Befugnisse datenschutzrechtlicher Aufsichtsbehörde bei unzulässiger Verbreitung von Videos

Im Kontext der Verbreitung identifizierender Videos (hier: über die Videoplattform ) konnte sich das Verwaltungsgericht Bremen (4 K 1338/21) in einer Entscheidung vom 10.10.22 zu den Befugnissen einer datenschutzrechtlichen Aufsichtsbehörde äußern und klarstellen, dass eine -Behörde das Werkzeug hat, um folgende Anordnungen zu treffen:

  • Sowohl Videos als auch ein Screenshot, bereitgehalten auf einer Internetseite, sind von der Internetseite vollständig zu entfernen;
  • Untersagung, künftige Videos von inhaltlich durch Kriterien umrissenen Videokonferenzen auf (s)einer Internetseite zu veröffentlichen, soweit diese Videos die Teilnehmer*innen der Sitzungen (Beiratsmitglieder, Gäste, Öffentlichkeit) zeigen und/oder deren Stimmaufnahmen beinhalten;
  • Im Fall des Nichtbefolgens stehen Zwangsgelder im Raum. Auch hinsichtlich der zukünftigen Verpflichtung!

Der erste Aspekt ist wenig überraschend, der zweite ist durchaus interessant, denn hier wird einer Aufsichtsbehörde die Durchsetzung eines Unterlassungsanspruchs in die Hand gegeben. Dies erweitert das Tätigkeitsfeld von Aufsichtsbehörden, insbesondere entwickeln sich diese dadurch zu einem schlagkräftigen Alternativ-Werkzeug zu Abmahnungen.

Der Sachverhalt

Der Sachverhalt des Gerichts ist leider denkbar kurz, einige technische Details wären durchaus interessant gewesen:

Der Kläger ist Betreiber der Website www…de. Diese Seite veröffentlicht unter der Überschrift … Kommentare über gesellschaftliche, primär politische Themen. Auf der Website wurden unter anderem Screenshots von einer per Online-Videokonferenz abgehaltenen Sitzung des Beirats … vom … veröffentlicht. Des Weiteren wurden YouTube-Videos von derselben Sitzung mit den Titeln … und … ergänzt. Nachdem das Video … und … veröffentlicht und um einen Ankündigungstext auf YouTube-Deutschland blockiert wurde, wurde auf der Website eine Anleitung veröffentlicht, in dem die Umgehung der Blockade beschrieben wurde.

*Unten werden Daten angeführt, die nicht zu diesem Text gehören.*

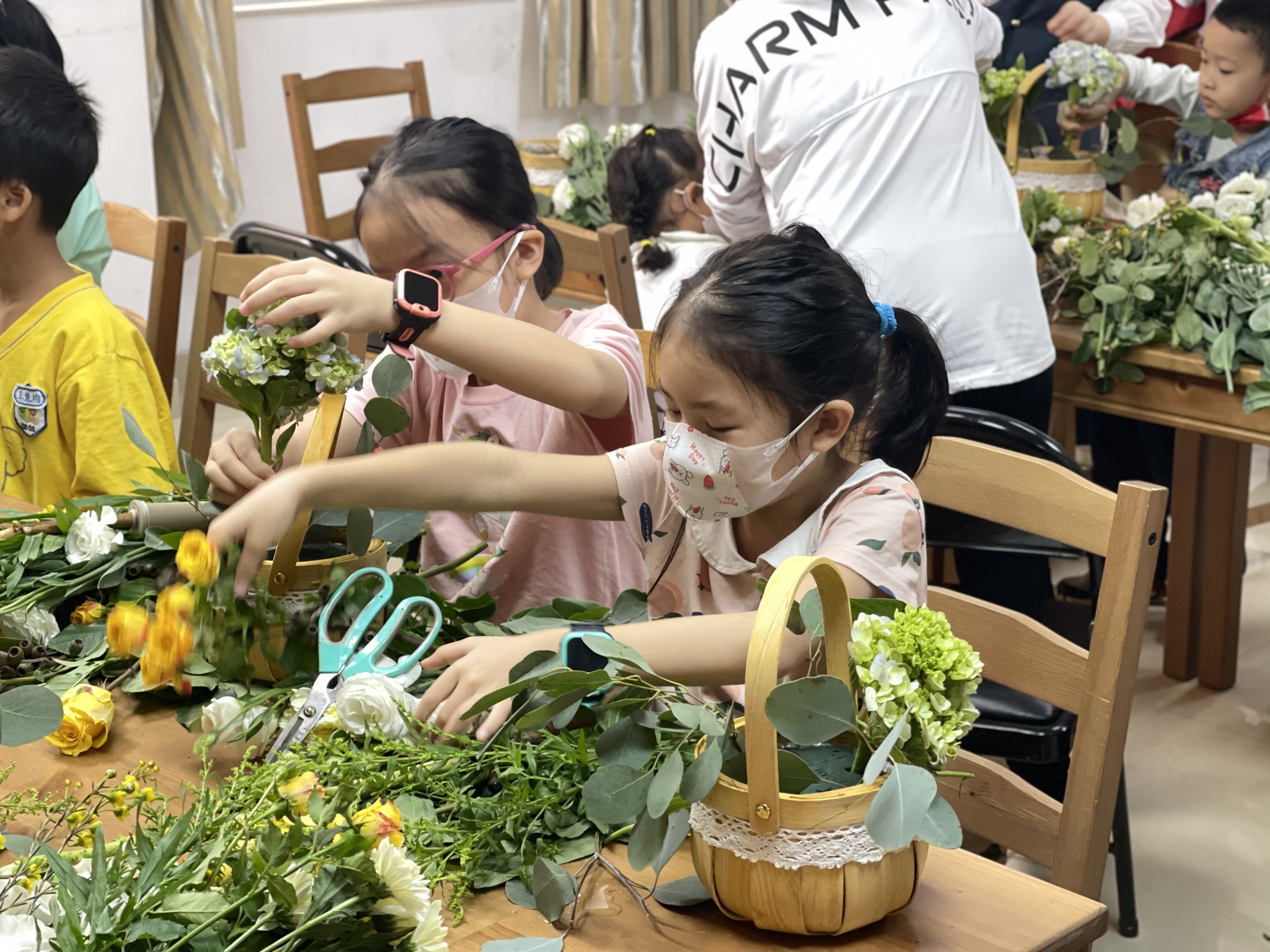 罗湖家园网讯:嘉南社区新时代文明实践站开展“同心”巧手插花献给党活动,活动现场气氛温馨,社区特意邀请了有丰富经验的花艺老师给队员们讲授选花、颜色搭配、造型等方面的插花技巧。整个插花过程中,大人和小朋友们都无比专注。大家在老师的指导下,跟着节奏,一边认真听取讲解,一边对自己手中的花材进行修剪、搭配、造型,互相交流,一步一步创作自己的插花作品。经过一个多小时的创作,一篮篮层次分明、错落有致的插花作品“新鲜出炉”。

(Un-)Zulässigkeit der Veröffentlichung

Die Frage der zulässigkeit der Veröffentlichung war sicherlich für den Betroffenen das wichtigere Thema, hier steht es weniger im Fokus. Nur der Vollständigkeit halber ist zu erinnern, dass bereits Art. 6 Abs. 1 Satz 1 DSGVO für die grundsätzlich rechtswidrige Verarbeitung streitet, die (allein) dann rechtmäßig sein kann, wenn ausnahmsweise ein Legitimationstatbestand einschlägig ist.

Das Gericht prüfte hier Art. 6 Abs. 1 Satz 1 lit. f) als Legitimationsgrundlage, der für die Veröffentlichung nicht in Betracht kam. Demzufolge ist eine Verarbeitung, die zur Wahrung berechtigter Interessen des Verantwortlichen oder eines Drittem erforderlich ist, legitim, sofern nicht die Interessen oder Grundrechte und Grundfreiheiten der betroffenen Person, die den Schutz personenbezogener Daten erfordern, überwiegen. Ein berechtigtes Interesse im Sinne dieser Vorschrift vermochte das Verwaltungsgericht nicht zu erkennen, vor allem, da es als Intention des Handeln überwiegend eine Diffamierung der Beteiligten gesehen hat.

Interessant ist allemal, wie man damit umgeht, dass die hier im Raum stehende Sitzung öffentlich zugänglich war:

Im Übrigen war die Verarbeitung nicht erforderlich. Die Sitzung des Beirats war über einen öffentlichen Link zugänglich, so dass die interessierte Bevölkerung die Möglichkeit hatte, an der Sitzung teilzunehmen. Die Sitzungen der Beiräte werden protokolliert und im Internet für die Öffentlichkeit zur Verfügung gestellt, so dass auch bei einer Verhinderung zum Zeitpunkt der Sitzung, eine Information über die Inhalte der Sitzung möglich ist. Die durch Video- und Tonaufnahmen erlangten Mehrinformationen haben keinen Bezug mehr zu dem Zweck der politischen Aufklärung, da dieses bereits durch die Protokolle abgedeckt ist.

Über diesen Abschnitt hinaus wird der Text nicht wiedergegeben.